→ DATA SECTION

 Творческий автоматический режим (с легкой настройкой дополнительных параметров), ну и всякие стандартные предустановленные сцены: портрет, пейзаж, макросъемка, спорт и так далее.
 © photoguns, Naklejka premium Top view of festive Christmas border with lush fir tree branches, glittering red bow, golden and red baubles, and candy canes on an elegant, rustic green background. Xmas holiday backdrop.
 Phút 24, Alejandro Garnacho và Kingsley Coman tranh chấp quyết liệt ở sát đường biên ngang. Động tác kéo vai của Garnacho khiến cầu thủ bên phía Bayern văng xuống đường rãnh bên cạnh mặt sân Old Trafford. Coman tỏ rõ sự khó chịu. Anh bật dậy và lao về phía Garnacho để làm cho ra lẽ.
* * *
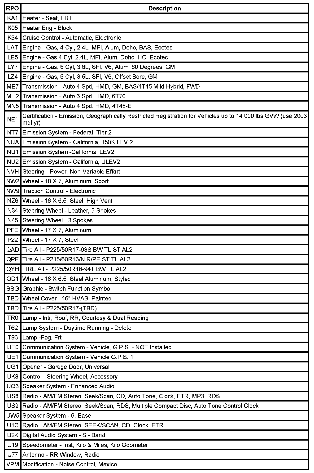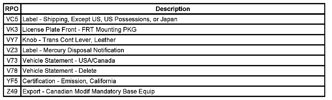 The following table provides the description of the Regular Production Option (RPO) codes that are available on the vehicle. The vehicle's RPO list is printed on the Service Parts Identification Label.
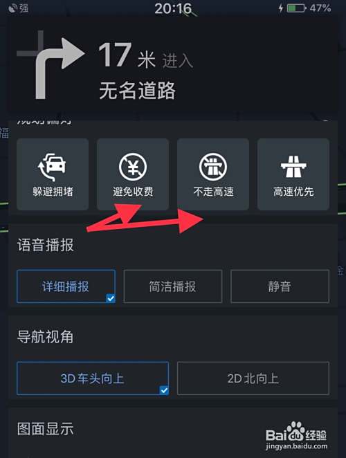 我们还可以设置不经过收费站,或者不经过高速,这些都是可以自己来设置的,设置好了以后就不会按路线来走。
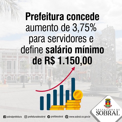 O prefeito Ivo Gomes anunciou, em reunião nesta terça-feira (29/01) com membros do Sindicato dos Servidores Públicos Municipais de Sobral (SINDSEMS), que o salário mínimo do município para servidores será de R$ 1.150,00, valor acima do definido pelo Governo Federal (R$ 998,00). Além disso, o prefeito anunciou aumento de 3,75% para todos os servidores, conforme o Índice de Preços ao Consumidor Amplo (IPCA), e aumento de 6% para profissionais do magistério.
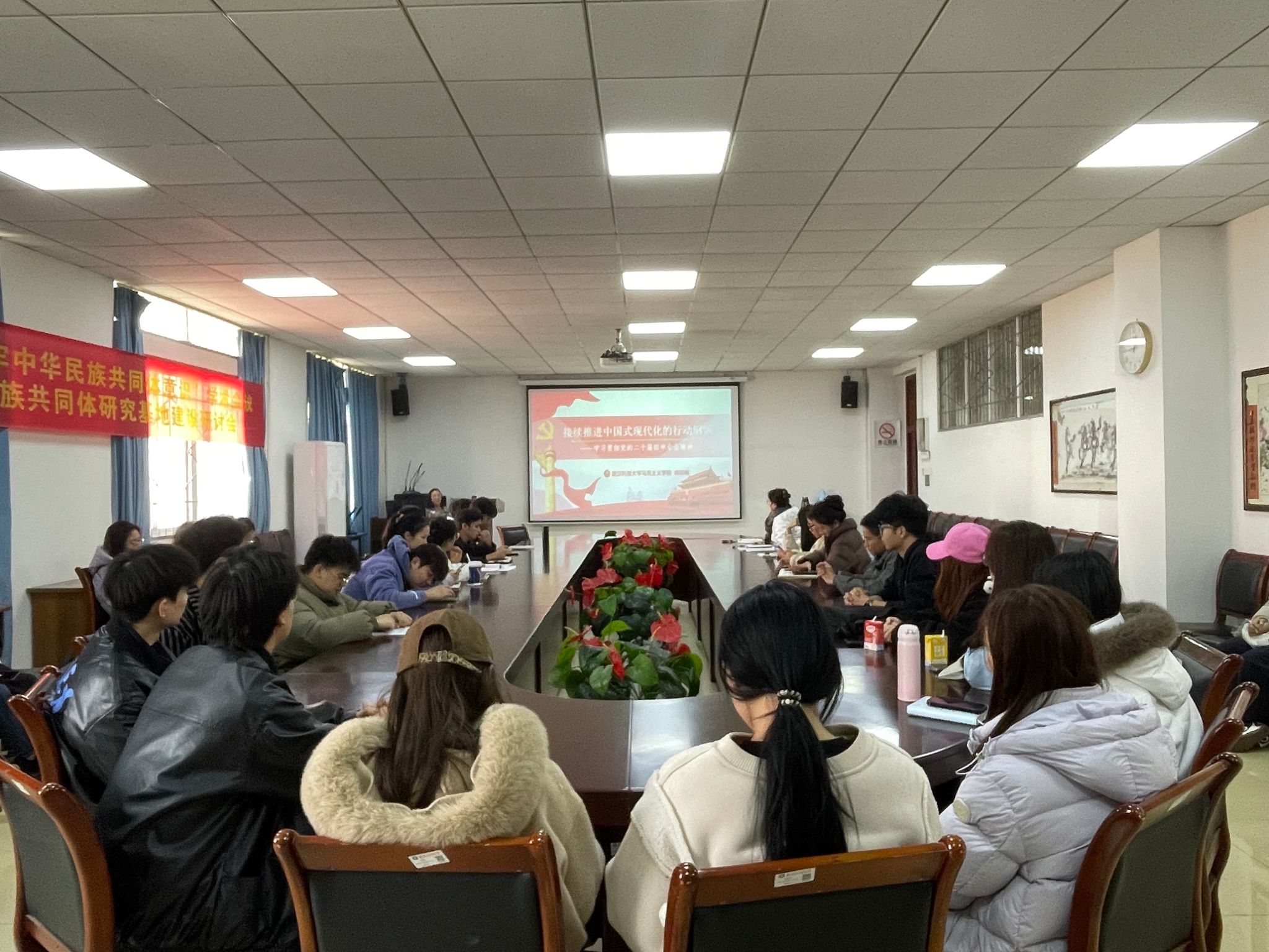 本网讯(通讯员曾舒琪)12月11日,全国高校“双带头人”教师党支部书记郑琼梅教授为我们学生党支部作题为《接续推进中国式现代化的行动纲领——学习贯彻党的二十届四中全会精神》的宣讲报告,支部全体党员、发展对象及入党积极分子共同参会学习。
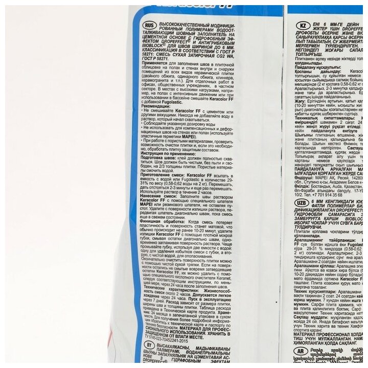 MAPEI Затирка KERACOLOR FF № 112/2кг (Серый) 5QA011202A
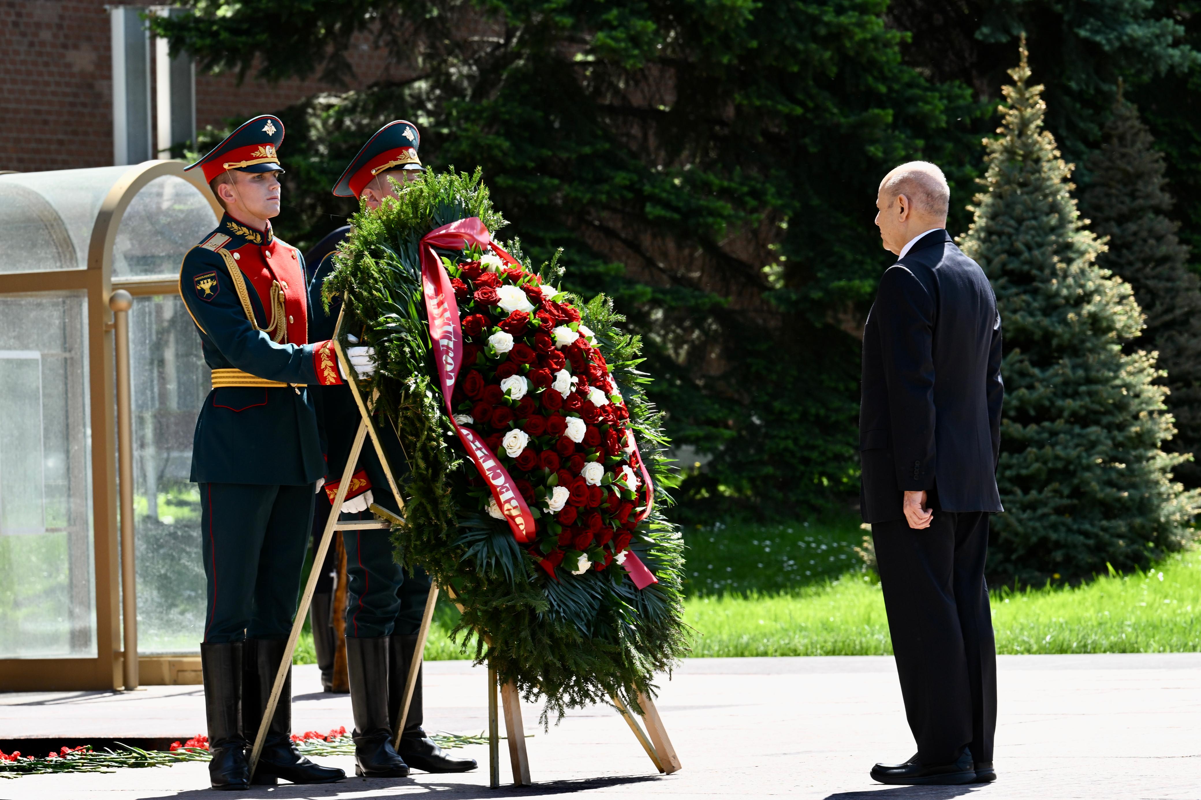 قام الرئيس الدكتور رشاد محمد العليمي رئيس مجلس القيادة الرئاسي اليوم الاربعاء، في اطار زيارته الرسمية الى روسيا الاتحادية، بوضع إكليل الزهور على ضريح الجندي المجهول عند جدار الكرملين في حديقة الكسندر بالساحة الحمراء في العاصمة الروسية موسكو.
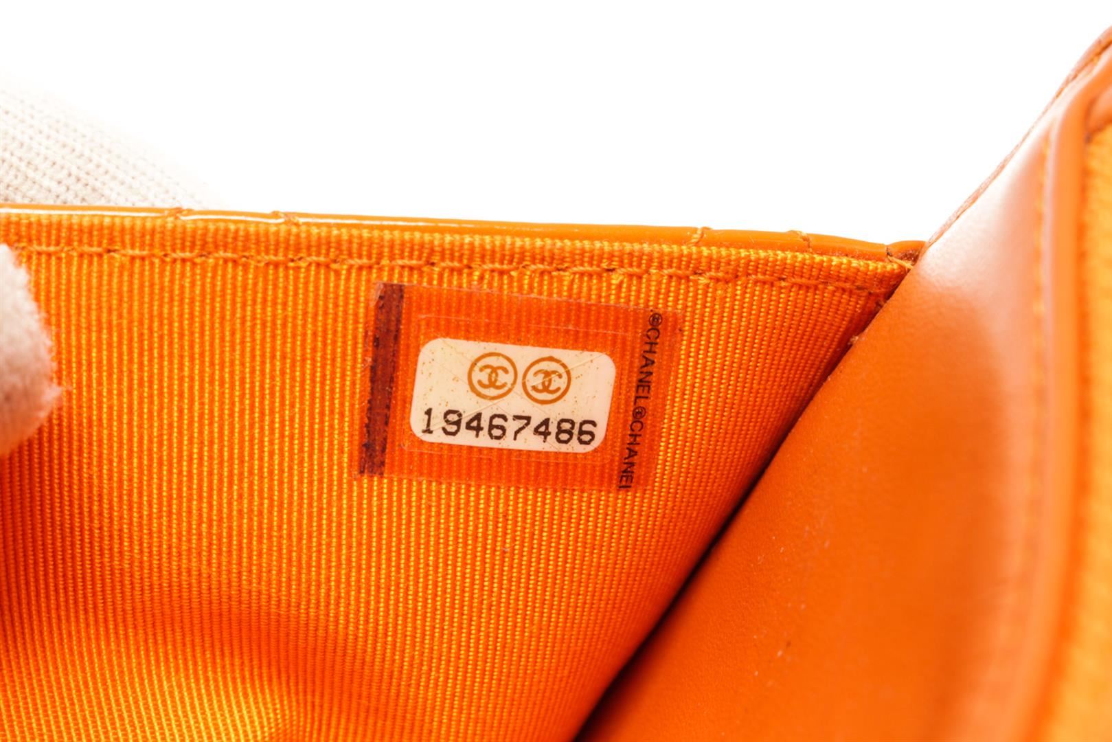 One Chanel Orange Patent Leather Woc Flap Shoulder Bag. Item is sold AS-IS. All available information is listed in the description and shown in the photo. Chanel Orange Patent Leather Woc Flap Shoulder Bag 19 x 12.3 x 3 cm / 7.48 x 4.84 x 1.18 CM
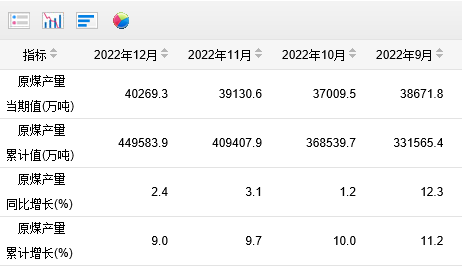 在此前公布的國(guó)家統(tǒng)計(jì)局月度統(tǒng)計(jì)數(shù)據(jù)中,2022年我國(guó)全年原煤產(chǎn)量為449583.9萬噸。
---
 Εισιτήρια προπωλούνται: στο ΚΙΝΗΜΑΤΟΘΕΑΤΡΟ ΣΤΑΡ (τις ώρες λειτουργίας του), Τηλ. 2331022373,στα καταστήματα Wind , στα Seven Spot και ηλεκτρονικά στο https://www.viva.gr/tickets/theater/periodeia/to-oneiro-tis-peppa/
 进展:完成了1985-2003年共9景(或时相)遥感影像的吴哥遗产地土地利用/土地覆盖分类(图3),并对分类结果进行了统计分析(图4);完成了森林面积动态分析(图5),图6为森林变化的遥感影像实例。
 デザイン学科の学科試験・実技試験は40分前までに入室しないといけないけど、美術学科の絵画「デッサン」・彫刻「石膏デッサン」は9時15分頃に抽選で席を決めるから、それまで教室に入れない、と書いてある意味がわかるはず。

→ TASK DIRECTIONS
Only the lines of the listing above from the one with "قام الرئيس الدكتور" through the one with "在此前公布的國(guó)家統" should be output, exactly, with both ends kept and pictures left out.

→ RESPONSE TO THIS TASK
 قام الرئيس الدكتور رشاد محمد العليمي رئيس مجلس القيادة الرئاسي اليوم الاربعاء، في اطار زيارته الرسمية الى روسيا الاتحادية، بوضع إكليل الزهور على ضريح الجندي المجهول عند جدار الكرملين في حديقة الكسندر بالساحة الحمراء في العاصمة الروسية موسكو.
 One Chanel Orange Patent Leather Woc Flap Shoulder Bag. Item is sold AS-IS. All available information is listed in the description and shown in the photo. Chanel Orange Patent Leather Woc Flap Shoulder Bag 19 x 12.3 x 3 cm / 7.48 x 4.84 x 1.18 CM
 在此前公布的國(guó)家統(tǒng)計(jì)局月度統(tǒng)計(jì)數(shù)據(jù)中,2022年我國(guó)全年原煤產(chǎn)量為449583.9萬噸。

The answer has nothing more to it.